To investigate the relationship between the amino acid sequence and the tertiary structure, as is shown one can constrain the many possible conformations of an amino acid’s side-chain by limiting it to a particular secondary structure, and even further by limiting it to within a particular pattern. A logical question to investigate further is how adjacent amino acids effect the possible torsion angle conformations. Do adjacent amino acids impose physical constraints on a side-chain due to size or shape? What about constraints imposed by chemical properties like charge or hydrophobicity? In other words, what influence do adjacent amino acids have, or what is the local influence on structure? Using the getangles procedure mentioned earlier, one can look at how Valine responds when in a sequence between two Proline amino acids: CALL getangles(‘PVP’); Figures 1D and 1G show the distribution of Valine between two Prolines (according to the Lindahl dataset). One may also search for less specific patterns. For example, one may want to see how Valine responds when between two basic amino acids: CALL getangles(‘[RK]V[RK]’); In the example above, either of the two basic amino acids, Arginine and Lysine, can be matched on either side of Valine. If one assumes that the native pH is 6.0 or lower, one could also include Histidine as a basic amino acid: CALL getangles(‘[RKH]V[RKH]’). As demonstrated, possible angle conformations can be extracted for specific or more general patterns.
B. The TERPRED Rotamer Generator
The concept of finding the local amino acid influence has been integrated into an algorithm that generates a tertiary prediction search space from an amino acid sequence. The TERPRED Rotamer Generator is primarily designed to address the search space representation aspect of the protein side-chain packing problem. However, since torsion angles for both side-chain and main-chain bonds were computed from the atomic coordinates in PDB files and integrated into the TERPRED Database, it is flexible enough to use in virtually any project that involves structural analysis: protein main-chain prediction, protein design, homology modeling, and the protein docking problem.
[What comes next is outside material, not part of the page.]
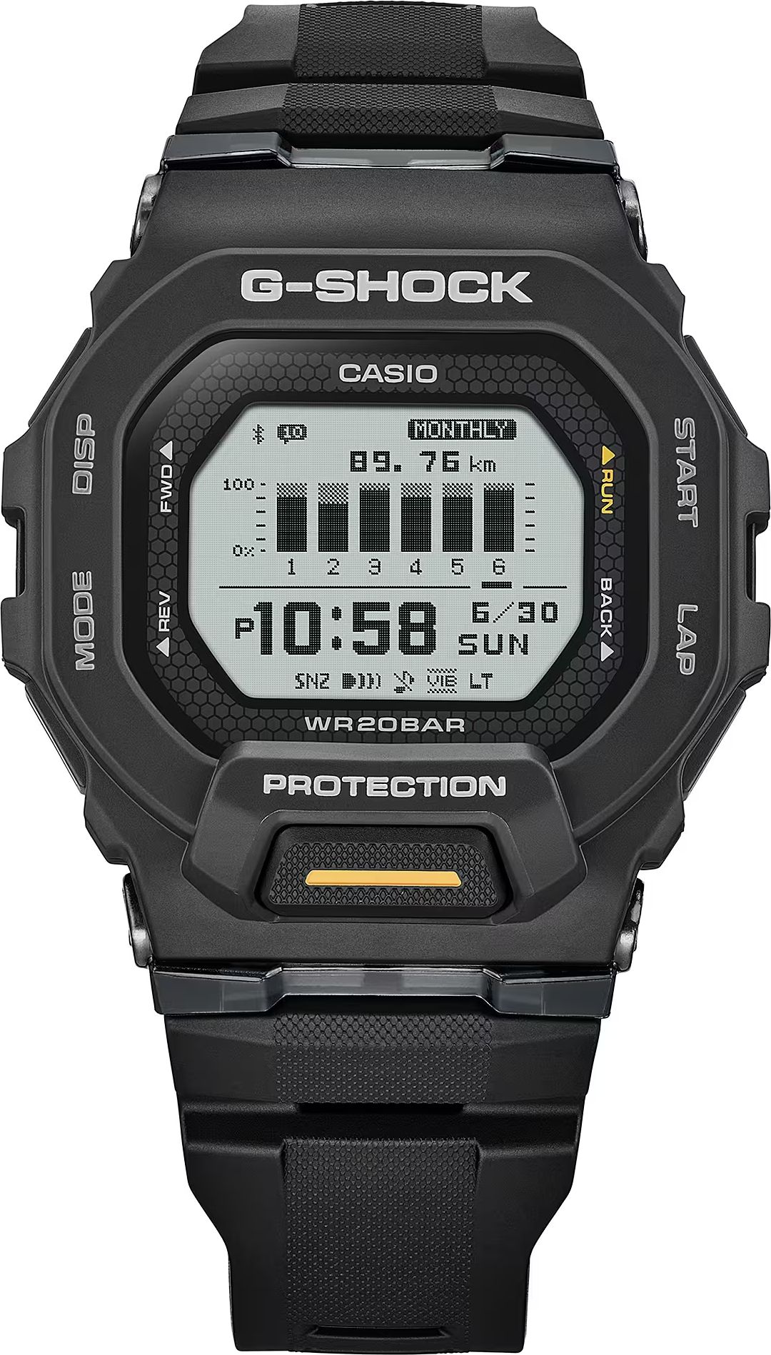 Релиз конца 2025 года — цифровая модель Casio G-Shock из серии GBD-200 в черном матовом корпусе с классическим MIP-дисплеем на полимерном ремешке. Помимо стильного внешнего вида, часы обладают шагомером и функцией Bluetooth. Блютус позволяет удобно отображать все метрики с часов на экране смартфона, а также выводить на часы уведомления о входящих звонках, сообщениях и имейлах.
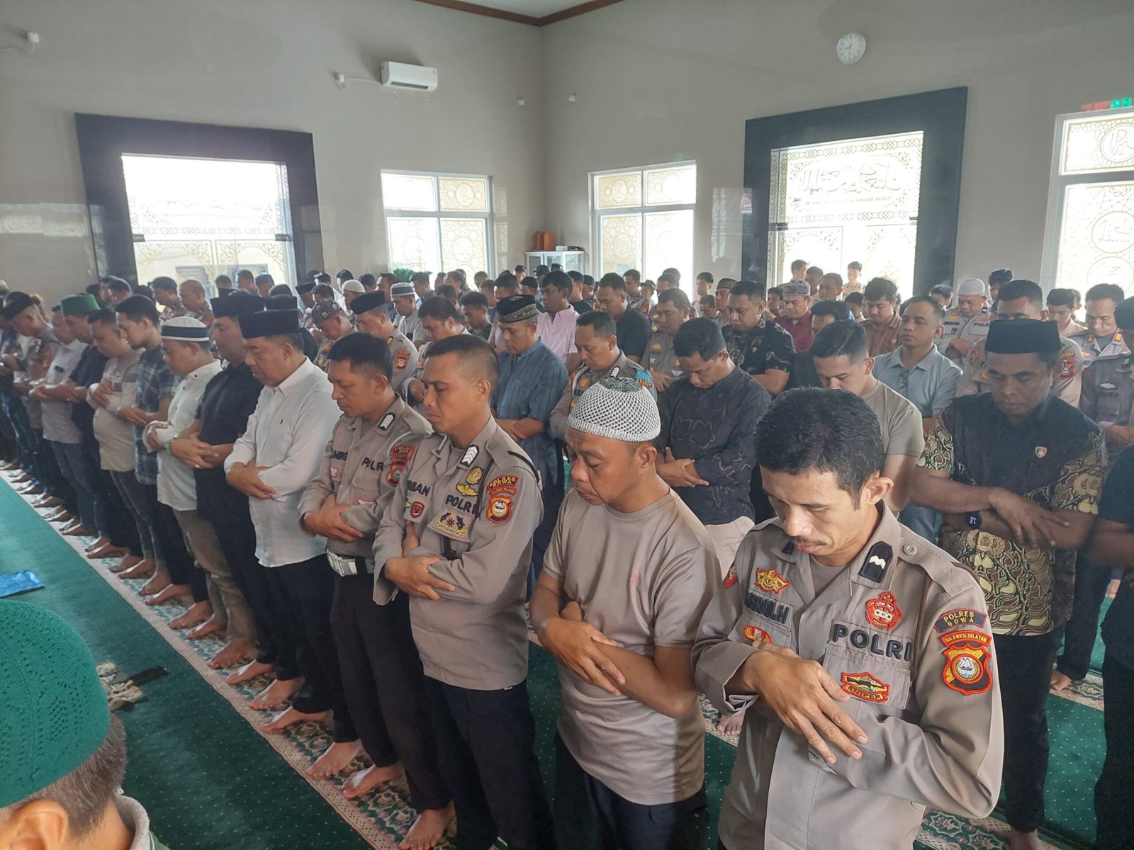 Kegiatan ini dihadiri oleh Wakapolres Gowa KOMPOL Gani, S.H., M.H., para Pejabat Utama Polres Gowa, serta seluruh personel. Suasana haru menyelimuti masjid saat seluruh peserta menundukkan kepala dalam doa, menggambarkan kepedulian mendalam Polres Gowa terhadap saudara sebangsa yang sedang mengalami musibah.

As the free energy landscape limits the potential folding hyperspace in vivo to those energetically reachable, TERPRED seeks to limit the prediction search space in silico to those configurations observed in proteins with similar sequence, structural elements, or function.
To accomplish this goal, TERPRED provides several parameters that may be customized based upon known properties of a target protein. These parameters facilitate the dynamic search and retrieval of structural data relevant to a specific target. The customizable parameters allow a tertiary predictor to select a subset of model structures and extract conformational data based on the influence of local amino acids, secondary structure predictions, and key words (motifs) or phrases (domains) found within an amino acid sequence. TERPRED provides several parameters whose use can be customized to search the database of known structures using more information than just the amino acid sequence of the target protein. For example, if the target protein is a known enzyme, then one can select “enzymes” as a subset of model structures. Or if one knows that the target protein is a dehydrogenase enzyme, one can further limit the set of model structures by supplying “dehydrogenase” in the keyword parameter. This allows one to find models with a functional relationship to the target. Perhaps one may not know the function, but may have an idea of the type of protein it is (globular, trans-membrane, disordered), then “globular” or “trans-membrane” proteins may be selected as a subset of model structures. There are also options to select preloaded datasets with non-redundant model structures such as the Lindahl dataset. One can also generate his or her own non-redundant set of model structures to be used with TERPRED using tools like SCOP or CATH (Csaba et al., 2009).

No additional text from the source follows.